Runbook — Provisioning Stuck (ProvisioningJobsStuck)¶
Referenced by the
ProvisioningJobsStuckPrometheus alert (k8s/74-token-ledger-prometheus-rules.yaml). Severity: critical.
TL;DR¶
A paying customer has not received their tenant. A settled Stripe checkout was
recorded in provisioning_jobs, but the Go orchestrator's HMAC write-back callback
never flipped that row to provisioned. The reconcile-provisioning cron normally
re-drives such rows automatically; this alert means at least one row is stuck past
its retry budget and needs an operator.
| Alert | ProvisioningJobsStuck |
| Expr | tlsstress_provisioning_stuck > 0 for 30m |
| Gauge source | countStuckProvisioningJobs() via GET /api/metrics |
| Owner | Customer-app / billing on-call |
| Customer impact | Paid customer is stranded — no dpl_ deployment, account not active |
| Self-healing | reconcile-provisioning cron (every 10 min) — only up to MAX_ATTEMPTS |
1. What the alert means¶
The provisioning hand-off is a durable, four-actor flow. Each settled checkout
produces exactly one provisioning_jobs row (unique on stripe_session_id).

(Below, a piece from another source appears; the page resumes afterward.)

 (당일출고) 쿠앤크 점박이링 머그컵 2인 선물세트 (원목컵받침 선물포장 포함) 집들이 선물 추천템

| Actor | File | Responsibility |
|---|---|---|
| Stripe webhook | (billing webhook handler) | Persists the hand-off via recordProvisioningJob() and calls enqueueOnboarding() |
| Enqueue hand-off | src/lib/provisioning/enqueue.ts |
HMAC-POSTs OnboardingInput to the orchestrator's /trigger/onboarding |
| Go orchestrator | Temporal OnboardingV1 saga |
Mints the real dpl_ deployment, provisions the tenant |
| Write-back callback | src/app/api/internal/provisioning/callback/route.ts |
linkProvisionedAccount() → flips job provisioned + account active |
| Reconciler (watchdog) | src/app/api/cron/reconcile-provisioning/route.ts |
Re-drives stuck rows on a 10-min cron |
A job is STUCK (counted by the gauge) when it is non-terminal
(enqueued / provisioning / failed) AND one of:
- no progress for > 15 minutes (
updated_at < now() - interval '15 minutes'), or - already at/over the retry cap (
attempts >= 8).
See countStuckProvisioningJobs() in src/lib/db/queries.ts. The 15-min / 8-attempt
floor exists so a normal in-flight job (a few minutes old) does not trip the gauge.

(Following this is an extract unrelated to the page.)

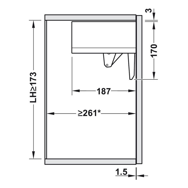 - Innebygd dybde: 187 mm

Why a hand-off gets stuck¶
- Trigger unreachable —
PROVISIONING_TRIGGER_URL/PROVISIONING_TRIGGER_SECRETunset or the orchestrator endpoint down →enqueueOnboarding()returnsenqueued:false reason:"trigger_not_configured"(orfetch_error/http_5xx). - Orchestrator failed mid-saga — Temporal exhausted its own retries; callback
reported
status:"failed"(markProvisioningJobFailed()). - Callback never landed — orchestrator provisioned but its write-back POST never
reached
/api/internal/provisioning/callback(network, bad signature → 401, or the callback secret unset → 503). - NULL payload — a pre-migration-0039 row has
trigger_payload = NULL; the reconciler refuses to guess the package/quota and skips it for manual handling.
2. Operator decision flow¶
flowchart TD
A[ProvisioningJobsStuck fired] --> B[Query provisioning_jobs<br/>WHERE status != 'provisioned']
B --> C{Any rows with<br/>trigger_payload IS NULL?}
C -- Yes --> D[NULL-payload path<br/>see Section 6 — hand-link manually]
C -- No --> E{attempts >= 8?}
E -- No, <8 --> F{last_attempt_at older<br/>than 5 min?}
F -- No --> G[Reconciler will pick it up<br/>next 10-min tick — WAIT]
F -- Yes --> H[Force a reconcile run<br/>see Section 4]
E -- Yes, capped --> I{Is the orchestrator<br/>actually reachable now?}
I -- No --> J[Fix transport first:<br/>TRIGGER_URL/SECRET, orchestrator health]
J --> K[Reset attempts, then<br/>force reconcile — Section 5]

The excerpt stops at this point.